> **How to complete this task**: Leaving pictures aside, set down each line exactly, from the first line of the data to the line with "三位优秀员工干部代表冯烨焓、", both included.

> **Records shown**:
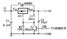原理图见图6。当外来的TTL控制信号使V1截止时,输出电压为5V。同样,改变R2使的值可获得不同的电压输出。V1可用9013等NPN管替换。
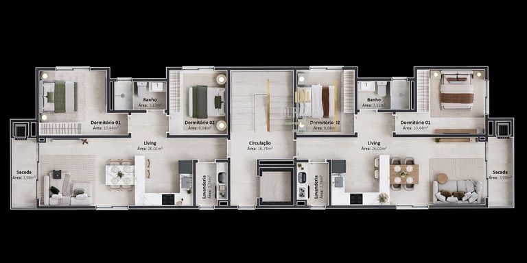 Apartamentos com 2 quartos, ambientes integrados entre sala e cozinha, sacada com churrasqueira e 1 vaga de garagem.
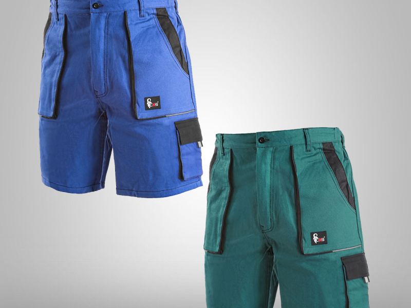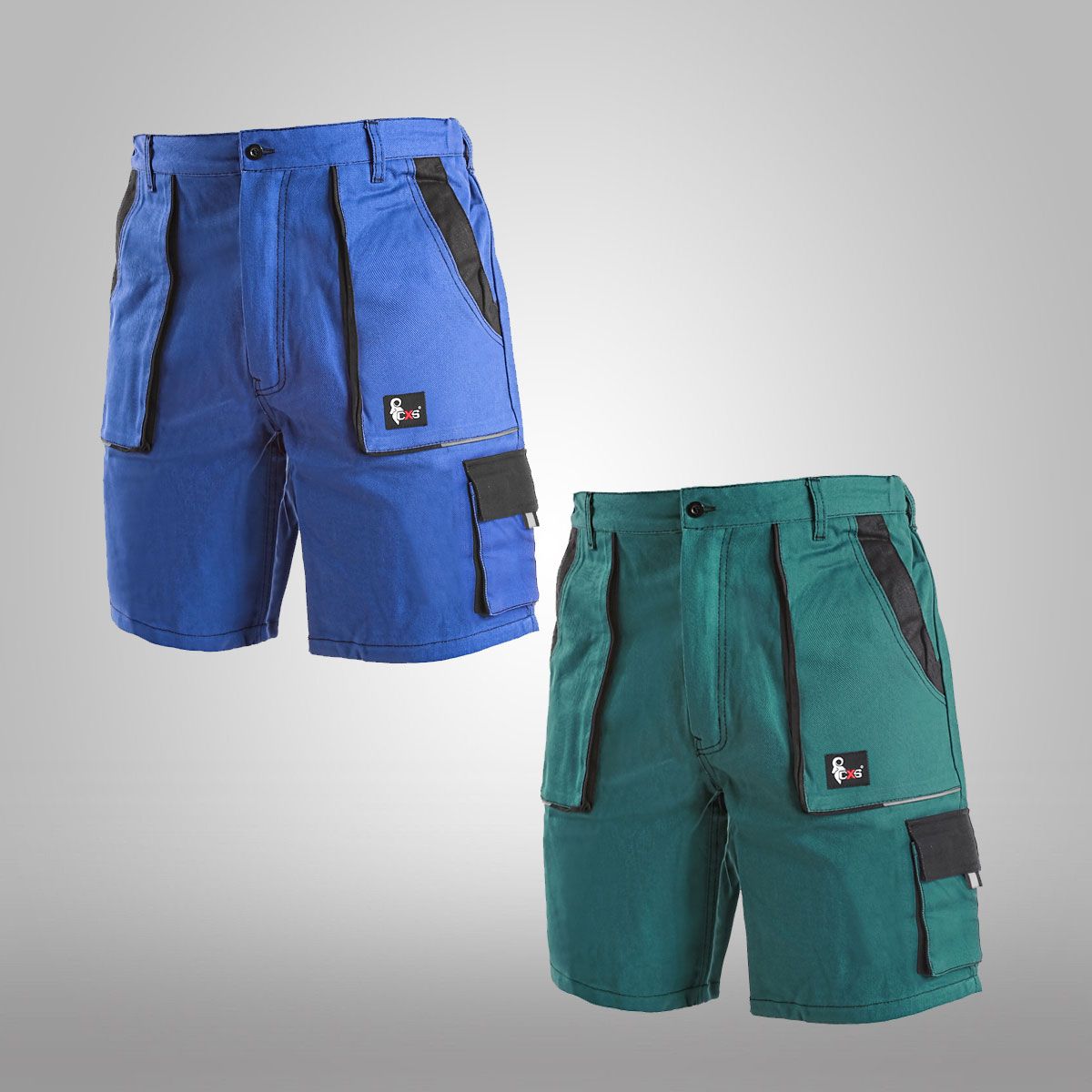 Pánské montérkové kraťasy, pas s poutky na opasek, vzadu do gumy, přední kapsy, boční kapsa na svinovací / skládací metr, boční kapsa na mobil / peněženku, zadní kapsa s klopou, reflexní doplňky.
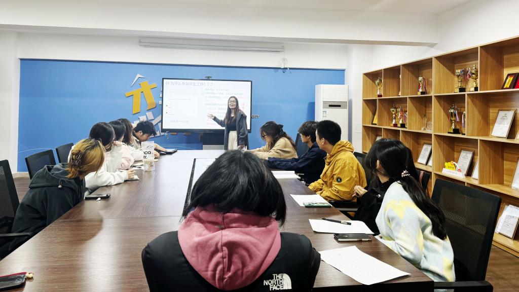 三位优秀员工干部代表冯烨焓、陶俊蓉、王阳康结合自身经历和工作实际,通过ppt从学科竞赛、科研项目、校园文化活动等方面分享了自己在学习和工作中的经验和感悟,展现了优秀员工干部拼搏奋斗、进取向上的良好精神风貌。他们勉励学弟学妹们要合理规划时间,注重提升专业学习能力和科研实践水平,发挥模范带头作用,在工作中做到大处着眼、小处着手,以身作则。
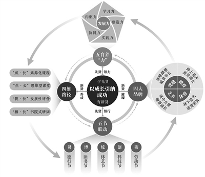 为充分发挥办学理念、校训在学校教育教学中的引领作用,使之深入全体师生心灵,渗透到全体师生的学习、生活的方方面面,同时围绕打造现代化区域名校的办学愿景,学校构建出的“成·长”素养化课程体系,探索出的“生·长”思维型课堂,实施的“筑·长”发展性评价,推进的“相·长”书院式研训,以及围绕五育养“力”积极开启的“五节联动”,在“凌峰踏潮·敬贤争长”党建品牌引领下,形成了“埠上开花·养贤助长”德育品牌、“林下追光·适贤茁长”体育品牌、“溪中点墨·颐贤滋长”艺术品牌,为落实培养有理想、有本领、有担当的新时代“三有”新贤育人目标创设载体提供了抓手,使学校的育人体系能有效渗透、落实到教育教学中。
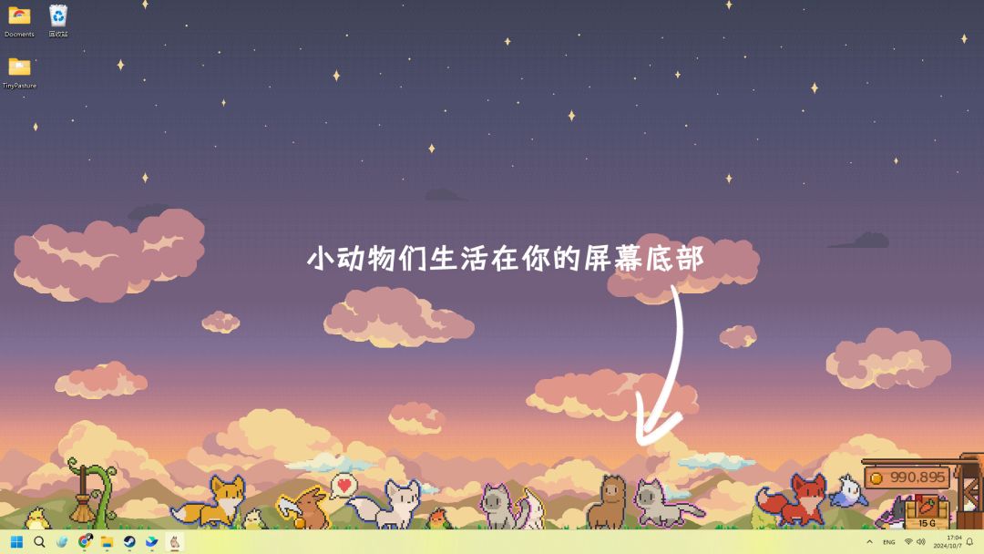 《动物栏:桌面牧场》是一款位于屏幕底端,陪伴您工作与学习的牧场放置游戏。你可以购买抚育数只小动物,收集它们成年后掉落的金币赚取利润,以扩充你的牧场。在您自我提升、休闲娱乐时,小动物也伴随着你一起成长。
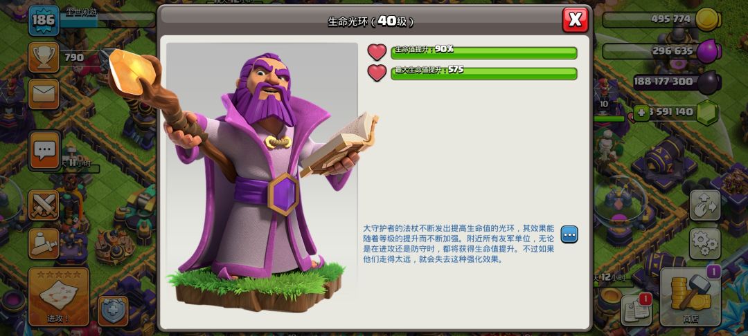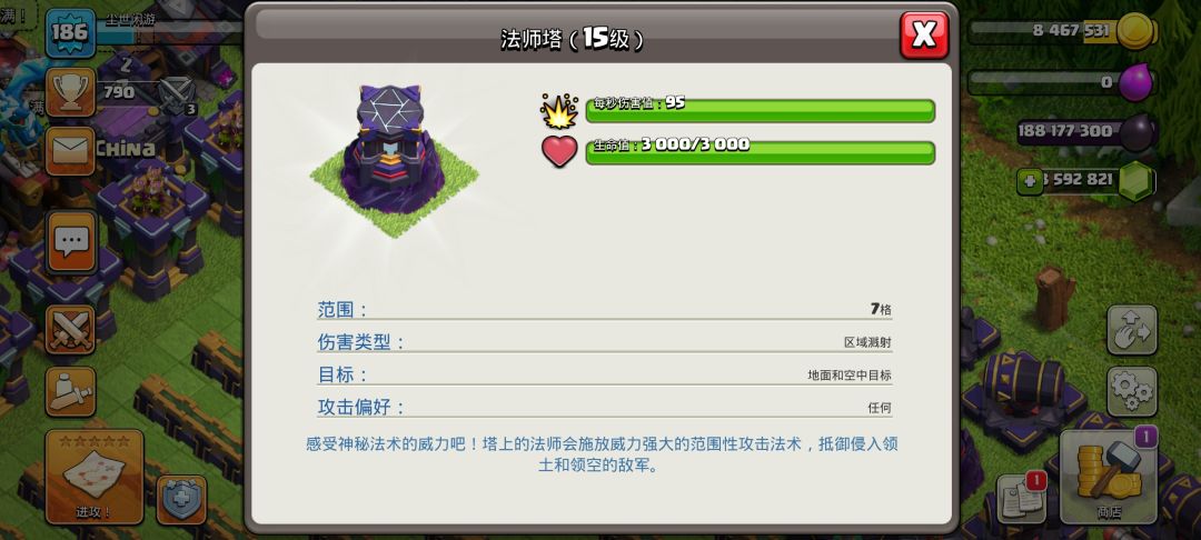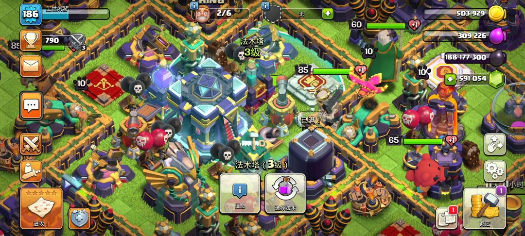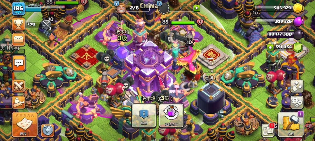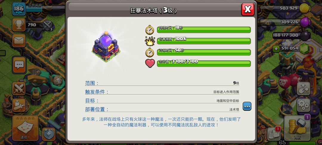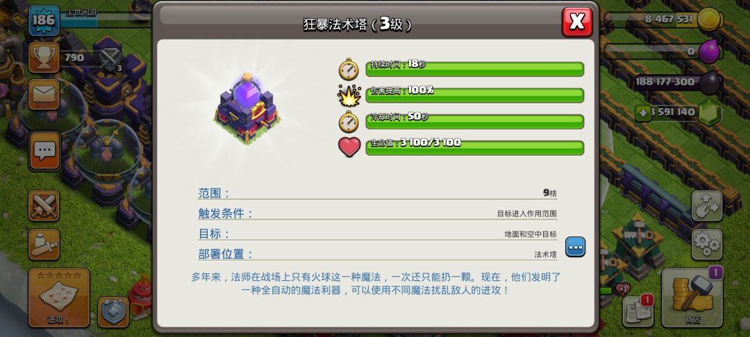 第一个就是狂暴法术塔,可以使紫色圈内的建筑及大本营提高攻击时的伤害,由于有时间限制可以放在大本营旁边的重要且伤害较高的防御建筑之间,尽可能让防御建筑吃到buff。
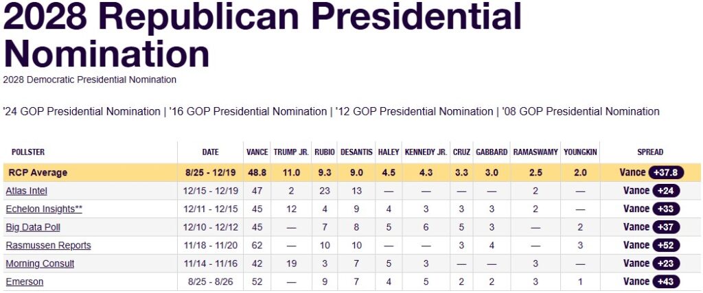 But Christmas is a great time to dream, isn’t it? The list of possible contenders should grow as 2026 travels through the months, with most people-in-the-know thinking that two full years, more or less, would be needed to lay the groundwork for a credible campaign under today’s evolved circumstances. Running for president ain’t what it was before Donald Trump, put it that way.
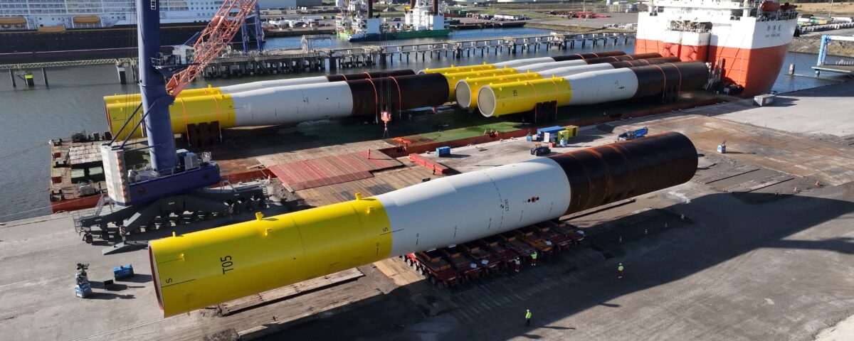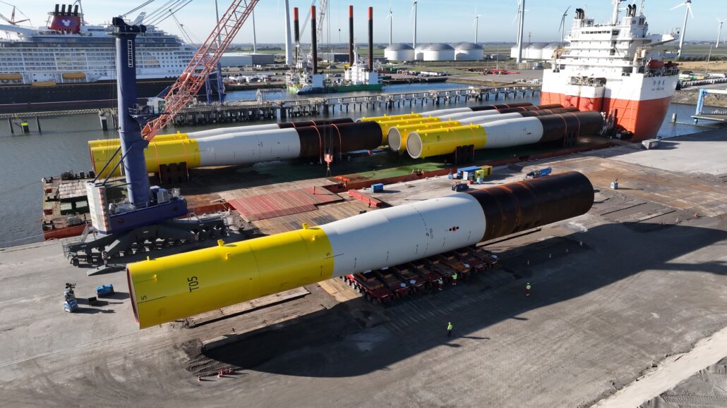 First foundations for RWE’s Danish offshore wind farm Thor arrive at Eemshaven port
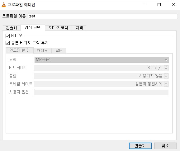 가끔 VLC의 이 기능이 제대로 동작하지 않거나, 결과물이 없는 경우가 있어 FFmpeg처럼 강력하게 지원되진 않습니다.
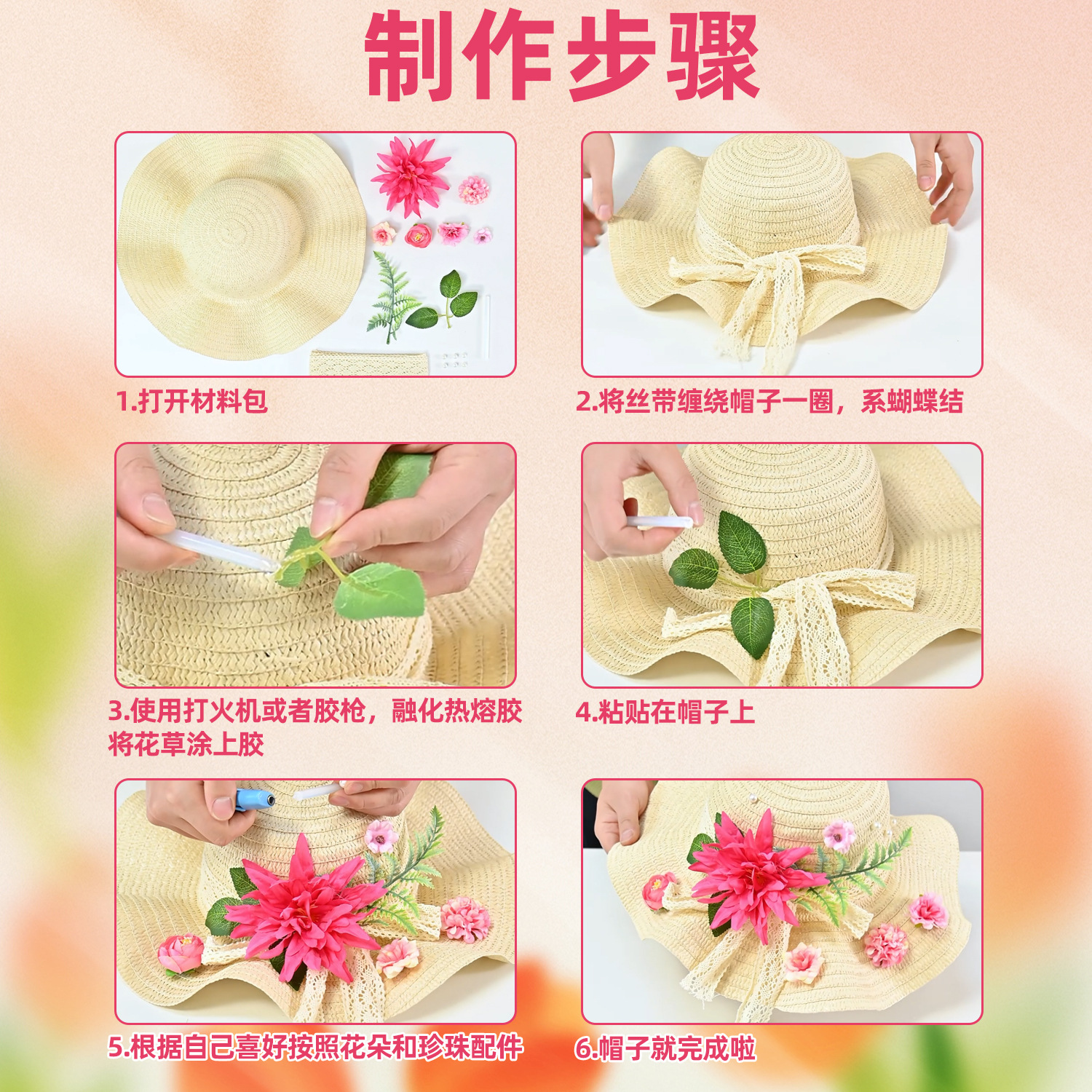 adult floral straw hat material package pink ladies

> **Written solution**:
原理图见图6。当外来的TTL控制信号使V1截止时,输出电压为5V。同样,改变R2使的值可获得不同的电压输出。V1可用9013等NPN管替换。
 Apartamentos com 2 quartos, ambientes integrados entre sala e cozinha, sacada com churrasqueira e 1 vaga de garagem.
 Pánské montérkové kraťasy, pas s poutky na opasek, vzadu do gumy, přední kapsy, boční kapsa na svinovací / skládací metr, boční kapsa na mobil / peněženku, zadní kapsa s klopou, reflexní doplňky.
 三位优秀员工干部代表冯烨焓、陶俊蓉、王阳康结合自身经历和工作实际,通过ppt从学科竞赛、科研项目、校园文化活动等方面分享了自己在学习和工作中的经验和感悟,展现了优秀员工干部拼搏奋斗、进取向上的良好精神风貌。他们勉励学弟学妹们要合理规划时间,注重提升专业学习能力和科研实践水平,发挥模范带头作用,在工作中做到大处着眼、小处着手,以身作则。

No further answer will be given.